Appeal from a resentence of the Onondaga County Court (Anthony F. Aloi, J.), rendered August 26, 2011. Defendant was resentenced upon his conviction of burglary in the first degree (two counts), attempted robbery in the first degree and criminal possession of a weapon in the second degree.
It is hereby ordered that the resentence so appealed from is unanimously affirmed.
Memorandum: Defendant was convicted following a jury trial of two counts of attempted murder in the first degree (Penal Law §§ 110.00, 125.27 [1] [a] [i]), two counts of burglary in the first degree (§ 140.30 [1], [2]), attempted robbery in the first degree (§§ 110.00, 160.15 [2]), criminal possession of a weapon in the second degree (§ 265.03), and resisting arrest (§ 205.30), and he now appeals from a resentence with respect to that conviction. County Court originally sentenced defendant to, inter alia, concurrent determinate terms of 10 years’ imprisonment for the counts of burglary, attempted robbery, and criminal possession of a weapon, and we affirmed the judgment of *1401conviction (People v Woods, 284 AD2d 995 [2001], lv denied 96 NY2d 926 [2001]). The sentencing court failed, however, to impose periods of postrelease supervision as required by Penal Law § 70.45 (1). To remedy that Sparber error (see Correction Law § 601-d; People v Sparber, 10 NY3d 457, 465 [2008]), the court resentenced defendant prior to the completion of his sentence to the same terms of imprisonment and imposed the requisite periods of postrelease supervision (see Penal Law § 70.45 [1]).
We reject defendant’s contention that the court abused its discretion when it imposed the periods of postrelease supervision. In the absence of the People’s consent, the court was required to impose the mandatory periods of postrelease supervision (see Penal Law § 70.85; People v Williams, 14 NY3d 198, 213 [2010], cert denied 562 US —, 131 S Ct 125 [2010]; People v Wright, 85 AD3d 1316, 1316 [2011]).
Defendant failed to preserve for our review his contention that the court abused its discretion in failing to order an updated presentence report prior to resentencing. The record demonstrates that “[defendant did not request that the court order an updated presentence report or otherwise object to sentencing in the absence of such a report” (People v Stachnik, 101 AD3d 1590, 1592 [2012], lv denied 20 NY3d 1104 [2013]; see People v Lard, 71 AD3d 1464, 1465 [2010], lv denied 14 NY3d 889 [2010]).
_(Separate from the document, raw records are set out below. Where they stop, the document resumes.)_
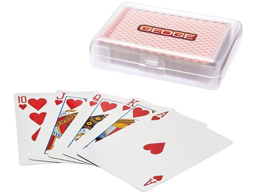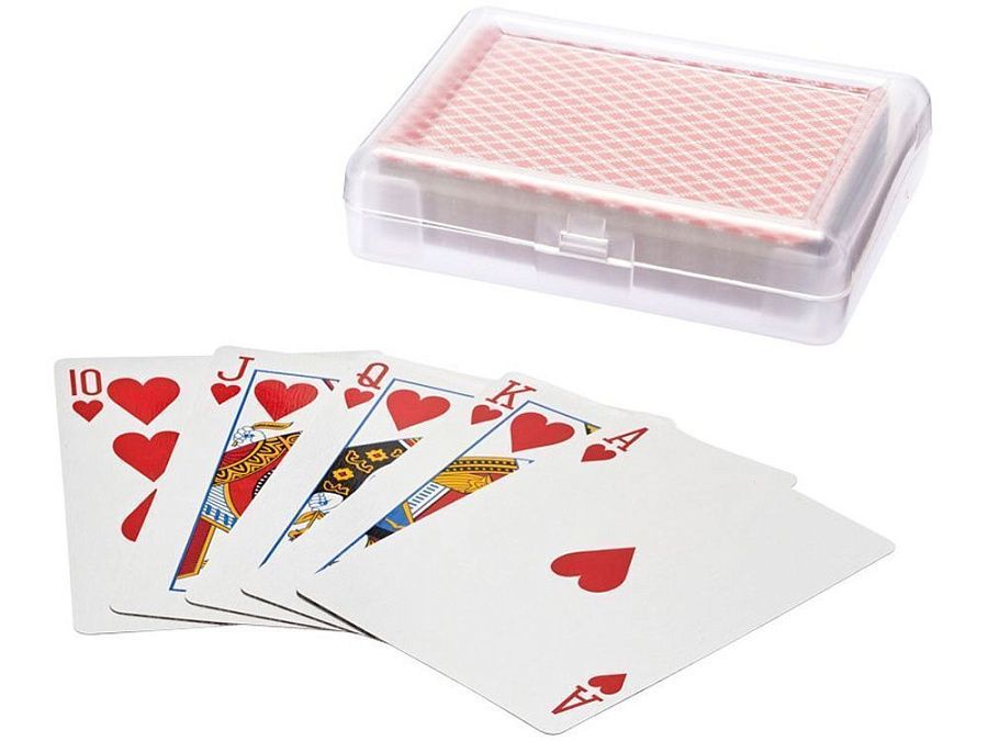 Карточная игра Reno в футляре. Классическая карточная колода с 3 джокерами. Упакована в пластиковый футляр.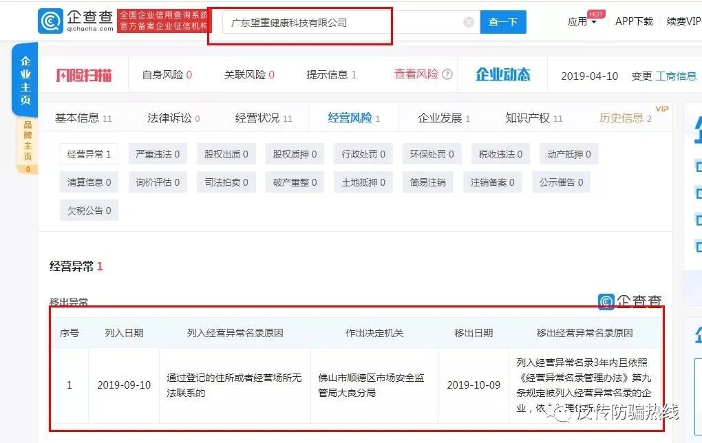 公开资料显示,广东望重健康科技有限公司于2018年5月8日成立,注册资金是2000万元。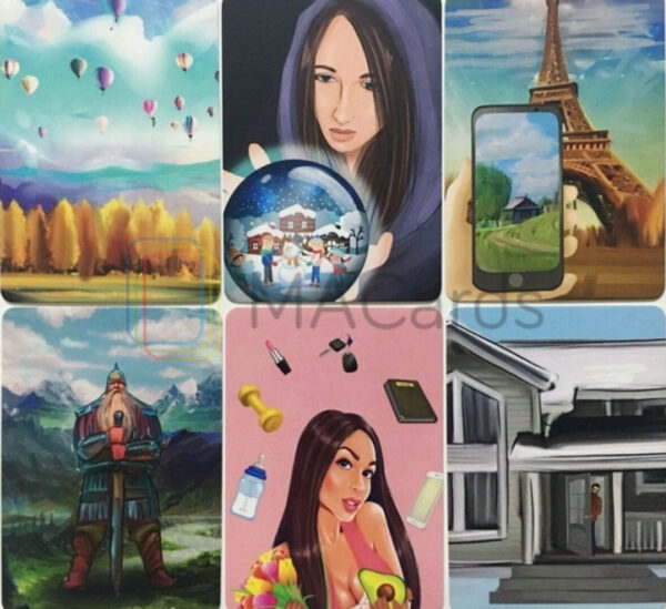 Две колоды по 88 карт каждая – одна состоит из картинок, другая из слов. Поместите карту с изображением в обрамление карты со словом и исследуйте значение этой комбинации. Возможны 7744 различных комбинаций, и множество интерпретаций. Используйте отдельно каждую колоду как пасьянс и вместе для

In any event, defendant’s contention is without merit because “the decision whether to obtain an updated report at resentencing is a matter resting in the sound discretion of the sentencing Judge” (People v Kuey, 83 NY2d 278, 282 [1994]).
Defendant also failed to preserve for our review his contentions that his due process rights were violated, i.e., that he did not receive notice that he was a “designated person” under Correction Law § 601-d (1), and that there was an “unreasonable delay” between his original sentencing and the resentencing (CPL 380.80 [1]; see generally People v Smikle, 112 AD3d 1357, 1358 [2013], lv denied 22 NY3d 1141 [2014]). We decline to exercise our power to review those contentions as a matter of discretion in the interest of justice (see CPL 470.15 [3] [c]).
Finally, defendant’s contention that he was denied effective assistance of counsel is unreviewable to the extent that it involves matters outside the record (see generally People v Robinson, 221 AD2d 1029, 1029 [1995]). To the extent that the record permits review of his claims of ineffective assistance of counsel, we conclude that they are without merit (see generally People v Caban, 5 NY3d 143, 152 [2005]; People v Baldi, 54 *1402NY2d 137, 147 [1981]). It is well settled that the “failure to make a motion or [an objection] that has little or no chance of success ... is not ineffective” (People v Dashnaw, 37 AD3d 860, 863 [2007], lv denied 8 NY3d 945 [2007] [internal quotation marks omitted]), and defendant otherwise has failed to show the absence of strategic or other legitimate explanations for defense counsel’s alleged shortcomings (see generally People v Benevento, 91 NY2d 708, 712 [1998]).
Present — Scudder, RJ., Smith, Peradotto, Carni and Sconiers, JJ.